“此术可使天道蒙眼,众生信服。”
“凡结契道侣,无论男女,无论修为,皆不受‘移花接木’影响。”
——那么,连结契都没有过的人,又能凭着那一点“心心相印”的恋心,撑到几时呢?
得到答案的那一刻,比悲伤更先涌上来的,是释然。
悬在头顶的铡刀终于落下。医者慈悲,给重病之人宣判了死期。
“是吗。”
我甚至,松了一口气。
“那……很好了。”
身边人的呼吸骤然停了一瞬。
“你说什么……?”师姐的声音绷得很紧。
“我说,这很好,不是吗?”我弯起嘴角,“在师姐你忘记我之前,我们还能再见上这一面,多难得啊。”
没注意师姐愈发僵硬的动作,我仍自顾自往下说着。
“不必为我难过的。我如今……已经连自己都不晓得自己是个什么东西了。”
左手下意识抓握几次,能感觉到脉搏的鼓动,然后扯着嘴角,像是要宽慰谁,“但也没事,总归是死不掉的。”

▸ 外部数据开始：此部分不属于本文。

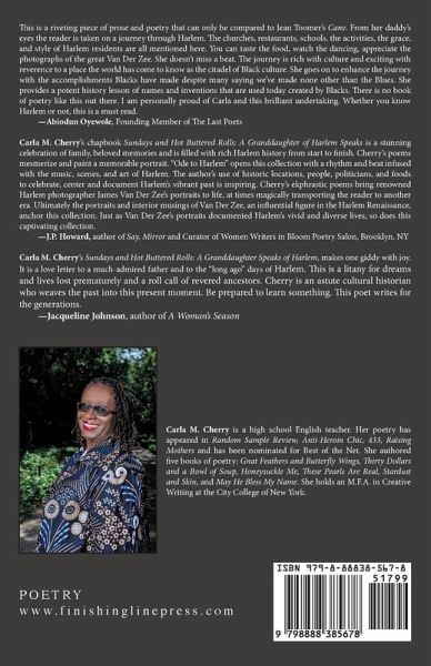 "Step into the captivating world of Sundays and Hot Buttered Rolls: A Granddaughter of Harlem Speaks, a poetic journey masterfully crafted by Carla M. Cherry. This chapbook unfolds like a lyrical tapestry, intricately weaving the vibrant threads of Cherry's heritage. A celebration of her father, a Harlemite, begins a nuanced exploration of the bustling streets and cultural treasures that have shaped her identity. James Van Der Zee's photographic brilliance, the hallowed grounds of the Schomburg Center and Harlem School of the Arts, and the rhythmic pulse of Chicago-style stepping reverberate, becoming a metaphor for the intricate steps of the African diaspora's history in the heart of New York City and beyond. As you traverse this poetic odyssey, anticipate satisfaction akin to the lingering aroma of her paternal grandmother's homemade biscuits on Sundays-a sensory delight that nourishes the soul." -Abiodun Oyewole, Founding Member of The Last Poets

“更何况,以前我还是‘晗光’的时候,也算不上什么好人。在龙族里,没尽过公主的职责。进了宗门,做事也总是不过脑子,想着法子躲懒闯祸,连带着你和师尊也要为我忧心。到了后来……后来,甚至还连累了晗骞。”
语气低落一瞬,又重新扬起。
“这几年没有我,修真界不也是好好的吗?龙族那边也振作起来了,师尊或许过一阵也会出关,一切都会恢复成原本的样子。”
“师姐强行记着我,也不过是白白痛苦,犯不着的。”
我越说越快,像是怕一停下来就再也说不出口。
“忘了我,你说不定还能过得更好——”
“啪——”
清脆的一声,所有颠三倒四的话都被打断。
脸上火辣辣地疼。
我捂着脸,不可置信地抬眼。
眼睛逐渐适应了黑暗,昏暗的房间里,只能瞧见师姐额上鲜红的朱砂。
以及,那双满是怒意,却含了泪的眼。
“你把自己,当做什么了?”
“我……”
霍萧云失了往日的沉稳,她拽住我的衣襟,用力往前一带。粗布衣服发出撕裂的声响,但她没有放手。
“你想让我忘了你?”
“你怎么能说这种话!”
“可是……”我张了张嘴,试图辩解,“邪术作祟,又找不到破解的办法。这对你我都好——”
“你又把我,当做什么了?”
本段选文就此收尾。